═══ SUPPLIED INFORMATION

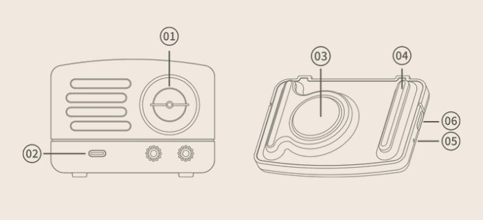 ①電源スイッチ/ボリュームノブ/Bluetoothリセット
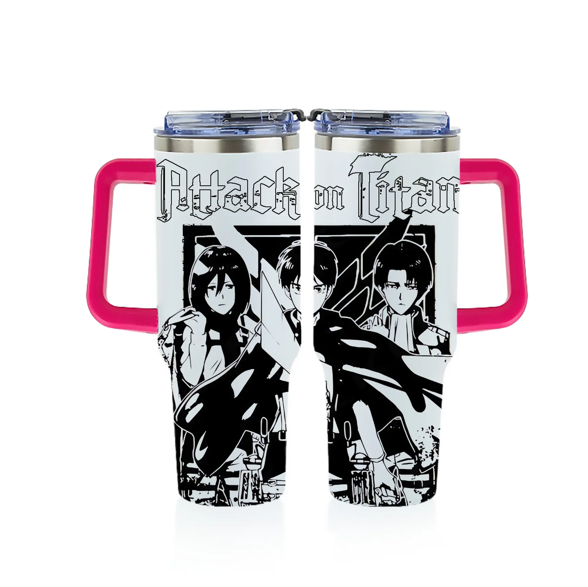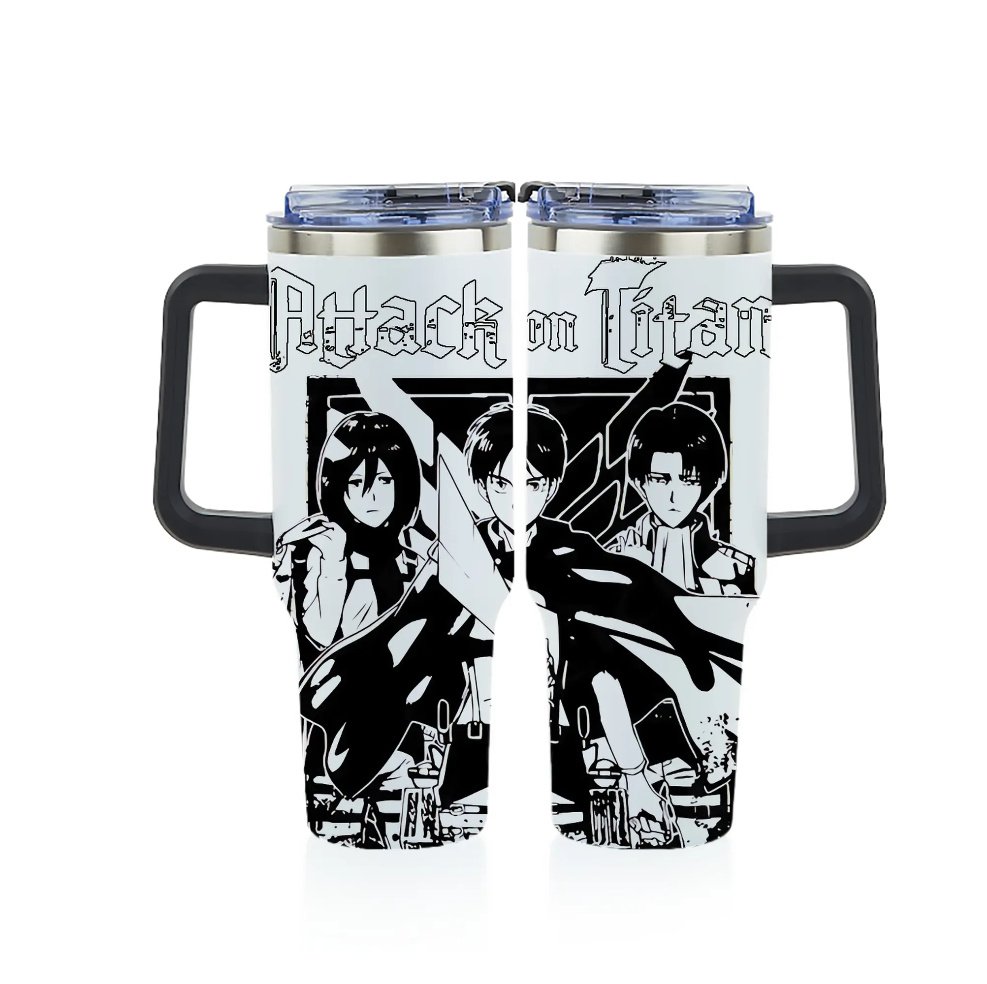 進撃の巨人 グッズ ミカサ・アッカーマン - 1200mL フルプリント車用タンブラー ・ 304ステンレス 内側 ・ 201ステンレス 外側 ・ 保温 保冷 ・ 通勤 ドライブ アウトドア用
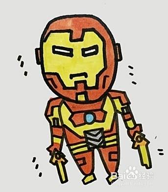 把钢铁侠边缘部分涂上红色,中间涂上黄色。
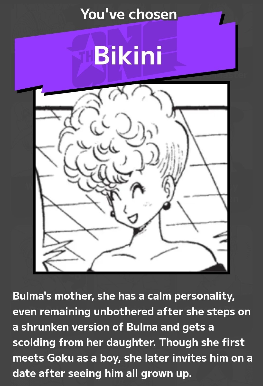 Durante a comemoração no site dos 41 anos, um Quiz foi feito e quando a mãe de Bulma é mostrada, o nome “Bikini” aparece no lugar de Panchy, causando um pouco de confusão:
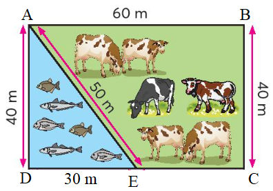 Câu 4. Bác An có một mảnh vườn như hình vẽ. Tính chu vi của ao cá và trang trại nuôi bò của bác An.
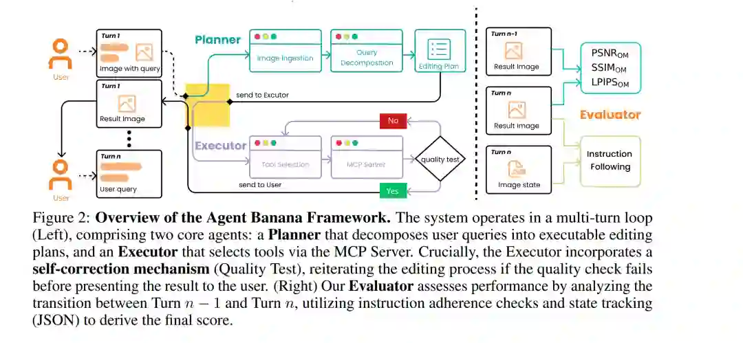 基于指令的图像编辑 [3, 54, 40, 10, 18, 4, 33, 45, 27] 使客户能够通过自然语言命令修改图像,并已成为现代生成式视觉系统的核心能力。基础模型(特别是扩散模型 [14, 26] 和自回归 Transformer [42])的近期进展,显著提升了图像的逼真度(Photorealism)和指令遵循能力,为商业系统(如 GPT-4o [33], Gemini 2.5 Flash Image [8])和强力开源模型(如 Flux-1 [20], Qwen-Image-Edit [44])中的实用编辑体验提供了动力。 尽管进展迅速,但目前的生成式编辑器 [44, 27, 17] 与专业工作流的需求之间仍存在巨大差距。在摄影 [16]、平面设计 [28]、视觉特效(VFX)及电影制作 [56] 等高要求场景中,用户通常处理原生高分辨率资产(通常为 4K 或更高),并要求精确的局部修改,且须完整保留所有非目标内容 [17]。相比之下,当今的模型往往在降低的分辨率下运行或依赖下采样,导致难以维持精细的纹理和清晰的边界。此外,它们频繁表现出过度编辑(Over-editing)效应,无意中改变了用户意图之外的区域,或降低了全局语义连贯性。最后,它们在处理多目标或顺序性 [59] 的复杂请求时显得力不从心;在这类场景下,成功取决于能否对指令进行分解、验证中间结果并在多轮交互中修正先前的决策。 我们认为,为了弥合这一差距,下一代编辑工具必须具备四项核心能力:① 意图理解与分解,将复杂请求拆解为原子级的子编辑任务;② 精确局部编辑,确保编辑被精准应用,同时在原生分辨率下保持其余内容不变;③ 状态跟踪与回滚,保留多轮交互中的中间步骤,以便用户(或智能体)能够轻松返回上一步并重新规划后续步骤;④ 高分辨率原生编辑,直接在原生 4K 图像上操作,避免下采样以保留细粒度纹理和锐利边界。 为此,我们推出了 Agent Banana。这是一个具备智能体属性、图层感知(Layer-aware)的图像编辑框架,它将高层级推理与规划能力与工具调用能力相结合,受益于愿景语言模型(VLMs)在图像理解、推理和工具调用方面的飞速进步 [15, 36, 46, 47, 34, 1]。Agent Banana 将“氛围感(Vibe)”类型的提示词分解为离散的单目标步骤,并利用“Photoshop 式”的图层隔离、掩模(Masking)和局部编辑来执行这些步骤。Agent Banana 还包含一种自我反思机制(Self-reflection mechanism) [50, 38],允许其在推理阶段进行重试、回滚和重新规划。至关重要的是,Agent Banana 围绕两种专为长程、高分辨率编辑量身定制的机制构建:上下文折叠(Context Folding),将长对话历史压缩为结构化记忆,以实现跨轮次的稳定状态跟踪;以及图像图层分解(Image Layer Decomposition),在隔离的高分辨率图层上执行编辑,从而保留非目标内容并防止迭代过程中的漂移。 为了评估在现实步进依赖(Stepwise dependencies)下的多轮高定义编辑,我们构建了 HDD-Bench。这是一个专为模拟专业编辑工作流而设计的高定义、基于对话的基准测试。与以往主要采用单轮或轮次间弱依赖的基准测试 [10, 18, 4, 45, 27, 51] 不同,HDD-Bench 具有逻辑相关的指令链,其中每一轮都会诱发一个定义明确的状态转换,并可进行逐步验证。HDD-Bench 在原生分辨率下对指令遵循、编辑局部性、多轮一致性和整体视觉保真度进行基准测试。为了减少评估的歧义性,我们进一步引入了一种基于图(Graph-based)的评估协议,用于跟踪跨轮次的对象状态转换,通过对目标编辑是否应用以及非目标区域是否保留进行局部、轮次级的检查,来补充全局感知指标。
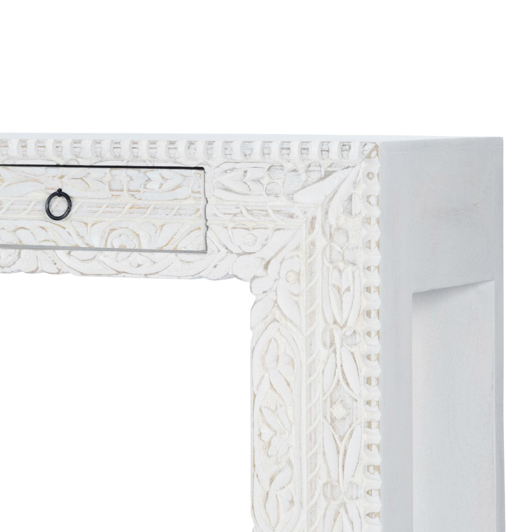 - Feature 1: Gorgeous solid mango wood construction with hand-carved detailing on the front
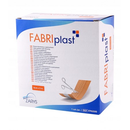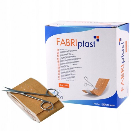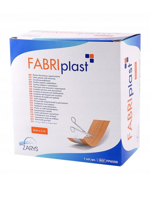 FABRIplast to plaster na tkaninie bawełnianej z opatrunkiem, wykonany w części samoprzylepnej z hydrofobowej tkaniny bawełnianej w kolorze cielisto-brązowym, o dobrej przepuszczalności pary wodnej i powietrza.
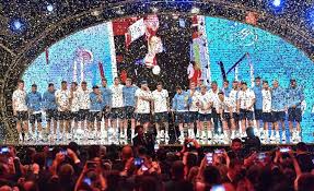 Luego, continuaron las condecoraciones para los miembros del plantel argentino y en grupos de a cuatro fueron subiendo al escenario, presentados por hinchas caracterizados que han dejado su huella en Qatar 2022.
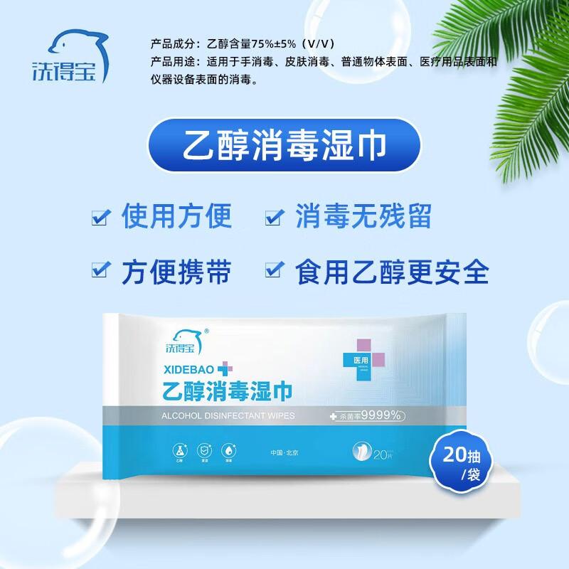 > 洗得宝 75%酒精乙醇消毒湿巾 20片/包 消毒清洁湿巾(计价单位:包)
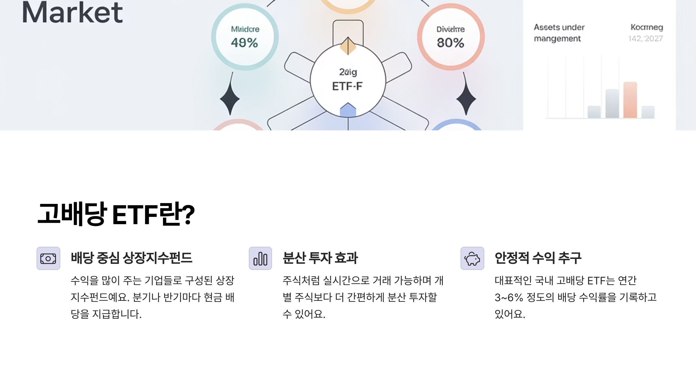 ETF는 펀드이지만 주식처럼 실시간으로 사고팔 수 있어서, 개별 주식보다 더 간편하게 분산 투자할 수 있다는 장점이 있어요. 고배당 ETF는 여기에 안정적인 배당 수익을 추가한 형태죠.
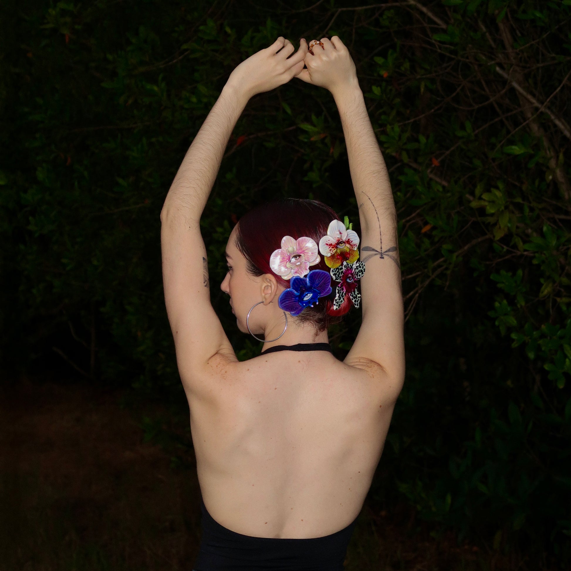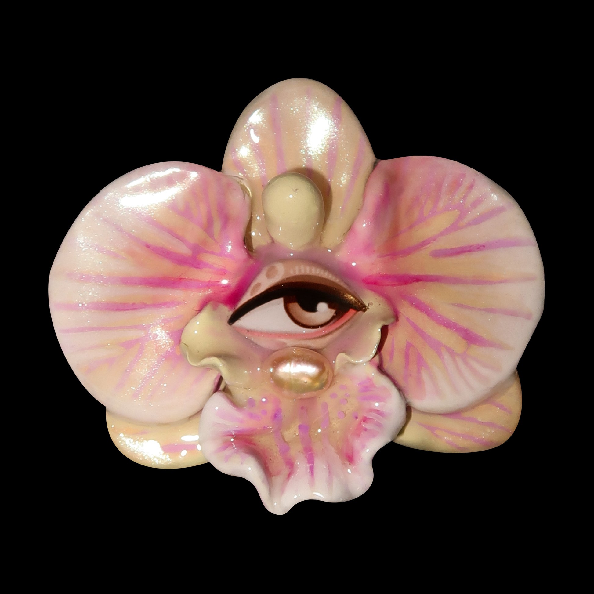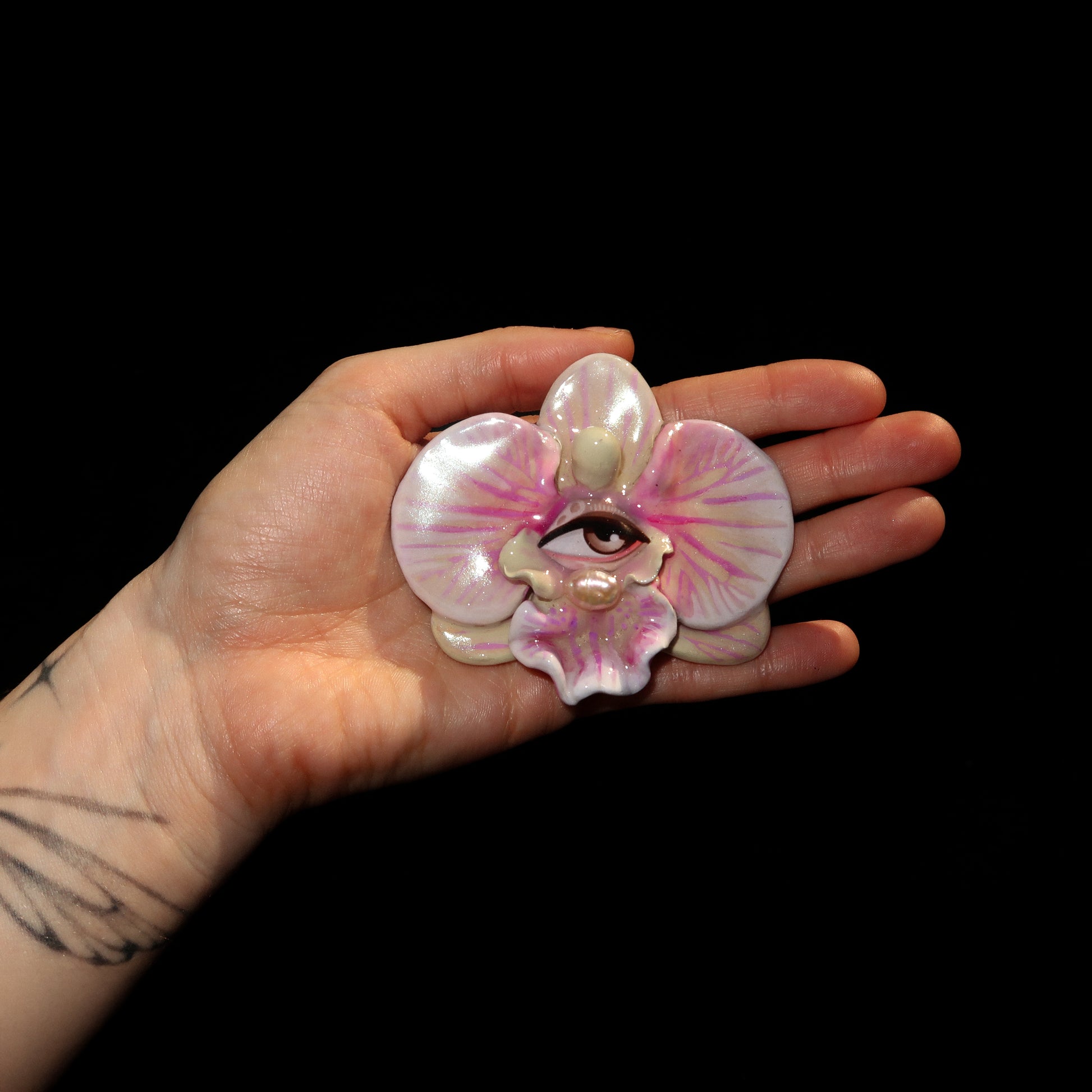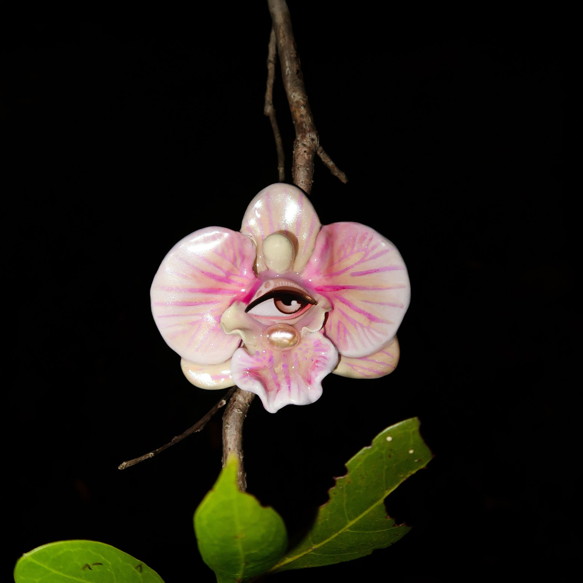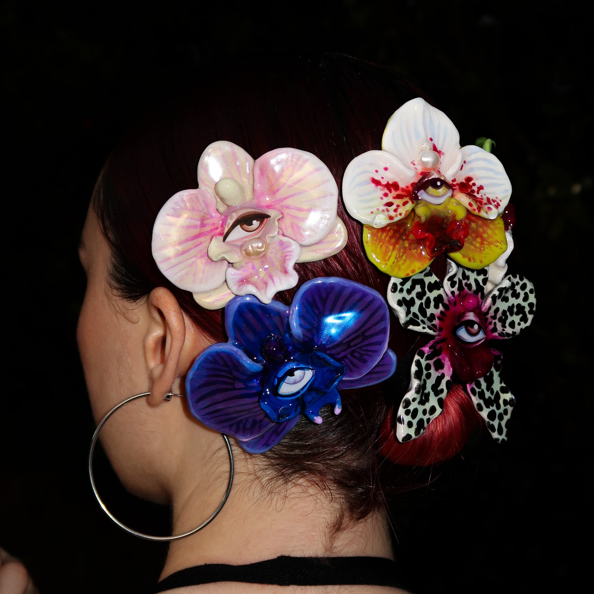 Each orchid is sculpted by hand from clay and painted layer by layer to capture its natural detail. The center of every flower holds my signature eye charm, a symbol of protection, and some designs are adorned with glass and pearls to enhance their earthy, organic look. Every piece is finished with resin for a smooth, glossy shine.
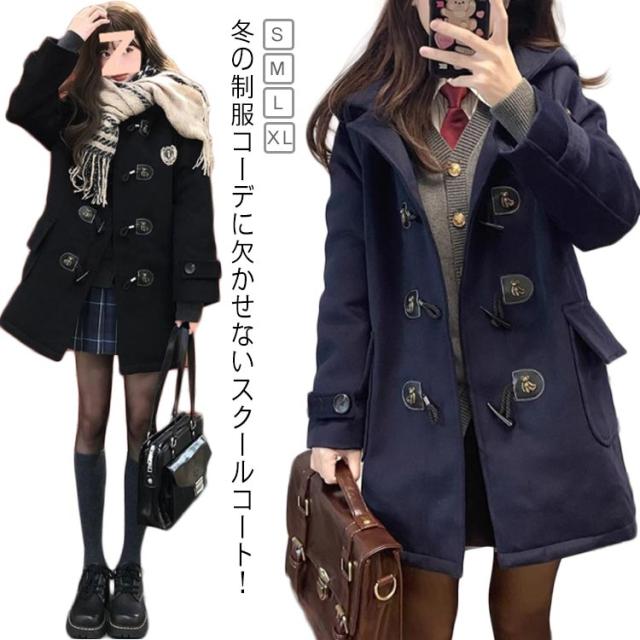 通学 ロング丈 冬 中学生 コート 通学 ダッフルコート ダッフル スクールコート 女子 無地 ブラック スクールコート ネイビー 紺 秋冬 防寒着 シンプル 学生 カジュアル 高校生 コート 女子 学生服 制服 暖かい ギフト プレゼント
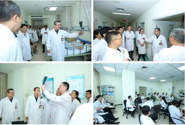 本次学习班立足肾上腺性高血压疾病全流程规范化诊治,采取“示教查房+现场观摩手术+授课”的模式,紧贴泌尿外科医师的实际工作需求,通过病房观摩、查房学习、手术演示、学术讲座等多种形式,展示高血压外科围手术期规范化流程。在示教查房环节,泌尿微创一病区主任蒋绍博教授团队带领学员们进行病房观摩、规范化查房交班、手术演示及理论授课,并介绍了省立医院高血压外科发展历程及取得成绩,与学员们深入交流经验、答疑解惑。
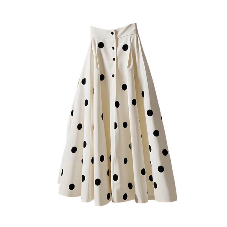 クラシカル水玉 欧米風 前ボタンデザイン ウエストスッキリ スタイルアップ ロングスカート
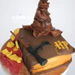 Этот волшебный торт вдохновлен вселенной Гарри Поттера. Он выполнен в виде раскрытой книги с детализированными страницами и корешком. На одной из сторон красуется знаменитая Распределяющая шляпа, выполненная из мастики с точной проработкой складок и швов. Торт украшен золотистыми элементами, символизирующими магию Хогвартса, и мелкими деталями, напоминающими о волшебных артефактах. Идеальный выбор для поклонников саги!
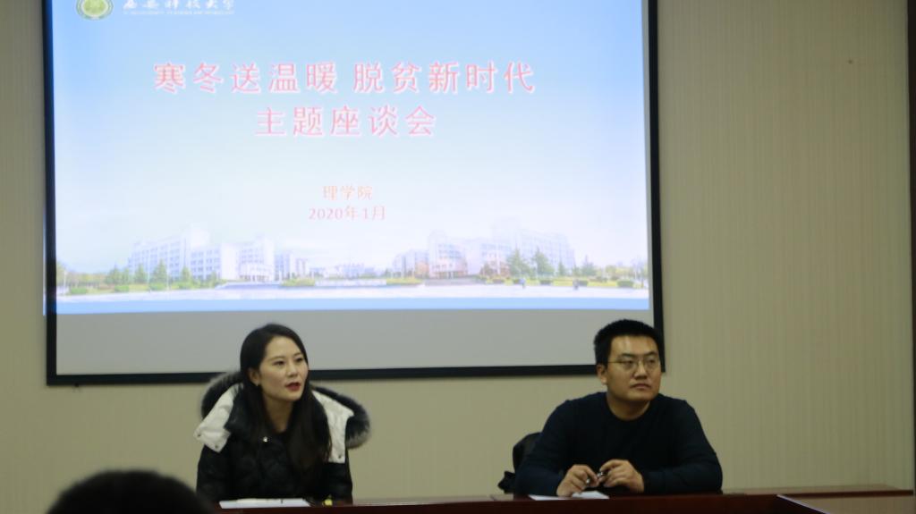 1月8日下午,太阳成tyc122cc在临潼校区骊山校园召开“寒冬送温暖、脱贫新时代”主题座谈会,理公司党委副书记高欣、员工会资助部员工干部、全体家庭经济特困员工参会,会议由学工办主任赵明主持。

══════

▶ [TASK STATEMENT]: Only the line with "把钢铁侠边缘部分涂上红色,中间涂上黄色。" and those preceding it, back to the first line of the entries, should be repeated exactly, without pictures.

▶ [RESPONSE TO THE EXERCISE]:
 ①電源スイッチ/ボリュームノブ/Bluetoothリセット
 進撃の巨人 グッズ ミカサ・アッカーマン - 1200mL フルプリント車用タンブラー ・ 304ステンレス 内側 ・ 201ステンレス 外側 ・ 保温 保冷 ・ 通勤 ドライブ アウトドア用
 把钢铁侠边缘部分涂上红色,中间涂上黄色。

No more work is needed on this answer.